Tai (1971) proposed partitioning the GEI effect of the i th genotype into stability statistics α i and λ i , based on the principles of structural relationship analysis. The α i measures the linear response of the environmental effect, and λ i measures the deviation from the linear response in terms of the magnitude of the error variance. A genotype having α i = 0 and λ i = 1 was considered of average stability. Approximate procedures for testing the hypotheses α i = 0 and λ i = 1 were given, and a method of obtaining the prediction interval for α i = 0 and a confidence interval for λ i values so that genotypes can be distributed in different stability regions were also suggested (Tai, 1971).
A user-friendly SAS macro application TAIGEI, using Microsoft Windowing Environment to perform stability analysis of genotype X environmental interactions, using Tai’s stability model was published by Thillainathan and Fernandez (2001). Several agronomists and horticulturists used this user-friendly SAS macro application to assess genotypic stability estimates (47 citations; Semantic Scholar 2021). However, this originally published macro application is not compatible with SAS Enterprise Guide or in SAS studio environment.
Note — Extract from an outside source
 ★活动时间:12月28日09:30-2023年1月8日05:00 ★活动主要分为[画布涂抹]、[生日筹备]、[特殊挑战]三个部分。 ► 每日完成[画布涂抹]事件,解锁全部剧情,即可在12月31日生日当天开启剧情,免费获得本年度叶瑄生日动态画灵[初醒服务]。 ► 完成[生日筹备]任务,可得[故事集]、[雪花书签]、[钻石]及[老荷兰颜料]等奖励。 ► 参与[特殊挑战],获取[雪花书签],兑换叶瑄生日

Therefore, an enhanced user-friendly SAS macro application that is compatible in SAS Display manager, SAS Enterprise Guide, SAS Studio is developed and presented here.
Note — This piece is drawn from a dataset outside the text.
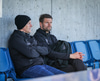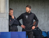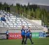 Hemmi Hreiðars og hundtryggi aðstoðarmaðurinn Heimir HallgrÃmsson skoða nýja gervigrasið à Úlfarsárdal.
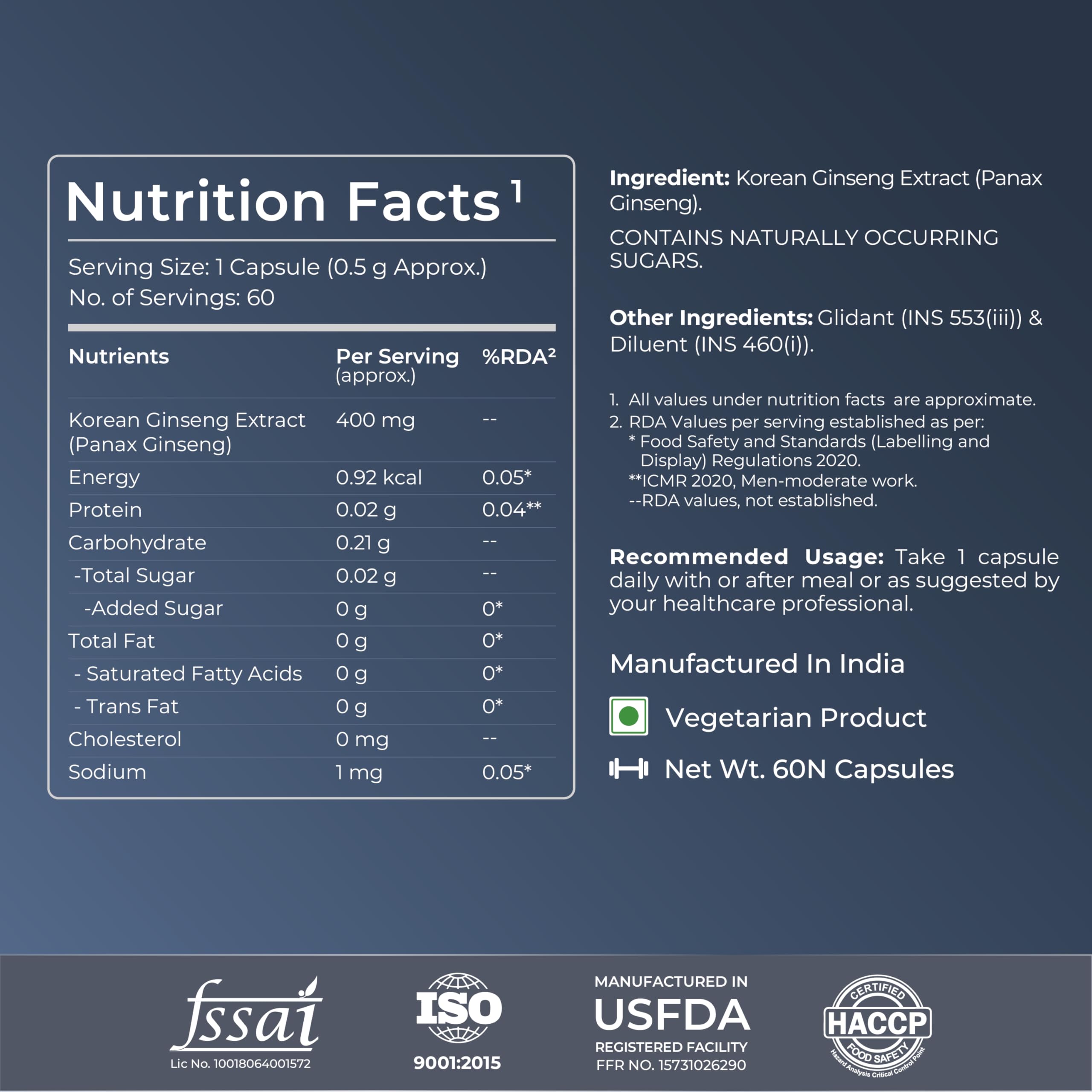 Nutrabay Wellness Korean Ginseng contains a wide array of nutrients including antioxidants vitamins minerals and intriguing compounds called ginsenosides and provide a powerful boost to energy and stamina in men and women. Korean Ginseng Capsules help elevate mood and relieve stress effectively. It will help keep your mind in the task you take and also help you get things done with enhanced focus. Korean Ginseng works naturally to stimulate brain cells resulting in better concentration and cognitive thinking. It has proven to have effects on the cognitive functions such as attention working memory performance reaction time in the individuals. It can be consumed by anyone daily for the best result. Non-GMO Gluten-Free Does not Contain Soy Dairy Yeast Eggs Corn Nuts Caffeine Additives Preservatives or Coloring. Consume 1 capsule daily before or after meal or as suggested by healthcare professionsal / dietician. This product can be consumed by Adults Elderly Men & Women.

TAIGEI User-friendly SAS macro application:
First download and unzip the TAIGEI.Zip specified in this post. SAS version 9.4 for was used to develop SAS MACRO programs and the relevant MACRO-CALL file for Tai’s Stability analysis. The requirements for using this SAS macro are
(1) a valid license to run the SAS software on your PC, and
(2) SAS modules such as SAS/BASE, SAS/STAT, SAS/GRAPH, and SAS/QC should be installed to get complete results.
The steps for performing the user-friendly SAS macros are:
Step1: Create a temporary SAS data file like the example data file included with the zip file. This data should contain the following variables:
Variable Genotype (GEN), which is a categorical variable.
Variable Environment (ENV), which is also a categorical variable.
Variable Blocks or replications (BLK); Replication will be treated as fixed blocks.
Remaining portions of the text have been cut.